Renee reappeared infront of Jo and said, “Nothing in there. But I brought some toys.”

All of the children heard that magic word and ran over to them. Renee laughed as the planes were taken out of her hands and began soaring through the air. Jo was standing there watching the children play with a smile on her face. Max was talking to John’s older son and the girls were running around looking carefree and happy. The children were their hope for a future and so far, that hope was still going strong.

“We can find a generator to run the pump for a little while, but eventually you’re going to need to put a windmill up on top of that cliff to run your well pump,” said Renee.

“John knows all that. He can fix it up.” Jo paused and looked around. She had a sad smile on her face as she added, “This is going to be a good place for us. It has to be.”

“I wish you’d come back east with us,” said Renee. “It’s much easier living out there.”

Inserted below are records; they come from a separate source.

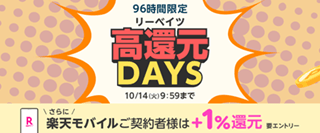 キャンペーン 【96時間限定!!】最大20%還元!リーベイツ 高還元DAYS! 【PR】96時間限定!リーベイツ 高還元DAYS!開催中です!! キャンペーン開催期間:2025年10月10日(金)10:00~2025年10月14日(火)9:59 楽天Rebatesは楽天が運営するポイントサイトです。Rebatesを経由... 2025.10.10 2025.10.12 キャンペーンポイ活Rebates
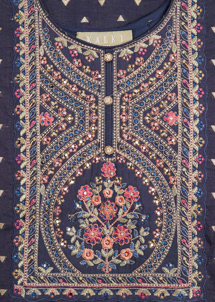 Explore KALKI’s collection for a wide range of dress materials in chanderi, banarasi silk, and cotton and experience the joy of personalised ethnic fashion. From intricately embroidered designs to floral prints, batik, zari work, and minimal styles; the collection of unstitched dress material for women at KALKI ensures quality and comfort. The varieties of dress materials can meet individual preferences. For instance, a woman with heavier arms would look for a full-sleeved kurta and a bulky woman would prefer a suit in a striped pattern. Infact each dress material at KALKI can be a narrative of the wearer’s style, beauty, and persona. You can get the dress materials stitched in an innovative style with stylish sleeves, creative neckline, trendy cut, and desired length, and can have other personalised details like buttons, borders, or hangings.
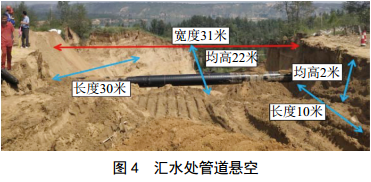 某管段由于受雨水長期沖刷,於土壩積水嚴(yán)重被沖塌,露出管道。治理措施如下。
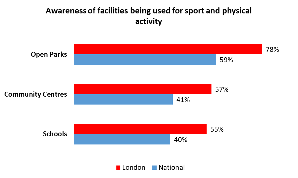 More than three quarters of London respondents (78%) say that people take part in sport or physical activity in open parks. Community centres (57%) and schools (55%) follow closely behind.
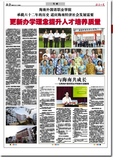 海南外國語職業(yè)學院自2003年11月升格,特別是2008年4月新班子上任以來,以科學發(fā)展觀為指導,堅持以服務(wù)為宗旨,以就業(yè)為導向,走產(chǎn)學結(jié)合發(fā)展道路。學院承載著62年的辦學歷史,主動適應(yīng)全省經(jīng)濟、社會發(fā)展需要對實用人才的需求,更新辦學理念提升人才培養(yǎng)質(zhì)量。

“For you, maybe,” Jo replied. “This is what we know, and this is what we love. We came all the way here and I want the kids to be in familiar territory.” She crossed her arms over her chest now and looked down. “Our whole life was there. Everything we loved and all of that is gone now. We need something that’s at least…somewhat familiar. Besides,” she looked over to Renee with a small smile and said, “John says out at Victor’s place he feels like he’s going to drown with all the humidity.”

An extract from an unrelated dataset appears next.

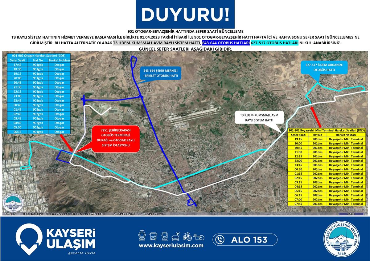 T3 RAYLI SİSTEM HATTININ HİZMET VERMEYE BAŞLAMASI İLE BİRLİKTE 01.04.2023 TARİHİ İTİBARİ İLE 901 OTOGAR-BEYAZŞEHİR HATTI HAFTA İÇİ VE HAFTA SONU SEFER SAATİ GÜNCELLEMESİNE GİDİLMİŞTİR. BU HATTA ALTERNATİF OLARAK T3 İLDEM-KUMSMALL AVM RAYLI SİSTEM HATTI, 643-644 OTOBÜS HATLARI,627-517 OTOBÜS HATLARI NI KULLANABİLİRSİNİZ. GÜNCEL SEFER SAATLERİ AŞAĞIDAKİ GİBİDİR.
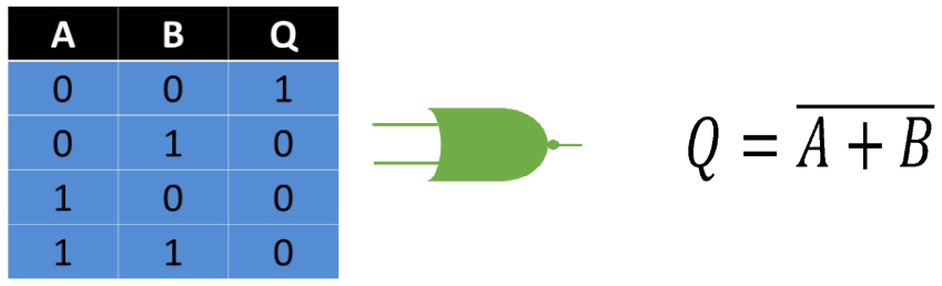 La compuerta NOR es similar a la NAND por lo que básicamente es el inverso o conjugado de la compuerta NOR.

The two women looked up at the sudden sound of three shots that exploded in quick succession. Down the street, Marshall and James were standing near three dead zombies. Marshall yelled something they couldn’t hear, and John waved his hand out of the second story window of a house.

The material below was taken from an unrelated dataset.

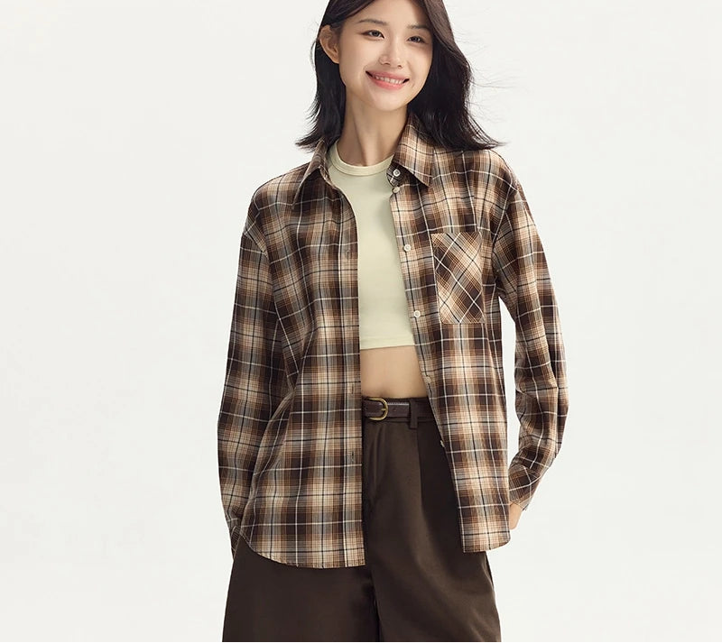 Oversized Drop Shoulder Plaid Shirt Loose Retro Casual Stylish Top

Victor and James worked well together. After the second house, James had the routine down pat and Victor let him take the lead on the third. James stood in front of the door and knocked hard. The two men stood silently and listened for any sign of movement. Victor backed up a step to try and catch a glimpse of anything inside the porch window, but everything seemed clear. Victor nodded to him, and James opened the door. The two men instantly knew something was wrong. The second James opened the door, the stench hit both men like a brick to the face.

“There’s gotta be a bunch inside,” said Victor, suppressing a gag. He had pulled his shirt up over his nose. “I’ve never smelled anything that strong. Keep your wits about you.”

“I know that smell,” said James. “I smelt it in a petrol station. Musta had forty zeds in it.”

The two men waded into the house, warily checking every corner, doorway, closet, and kitchen. When they finally opened the door to the basement, they found what must have been the entire population of the town milling about. Taped to the door was a note:

The situation is dire
We have no food. We lost water when the power went out.
It has been six days without water and we are dying.
We are desperate. The only way we can preserve our bodies and return to Your service is to infect ourselves.
When Max arrives, He will save us, smiting the evil from our bodies and returning us to glory
We will spend the rest of our lives spreading the word of Max.
I have sealed these people in this basement with one of the minions of the Evil Father Victor Tookes, so that they may be preserved until The Savior arrives, and moved on to spread the Gospel.

In the service of Max, Nathaniel Rotelle.

“Oh shit,” said Victor, frozen in his tracks.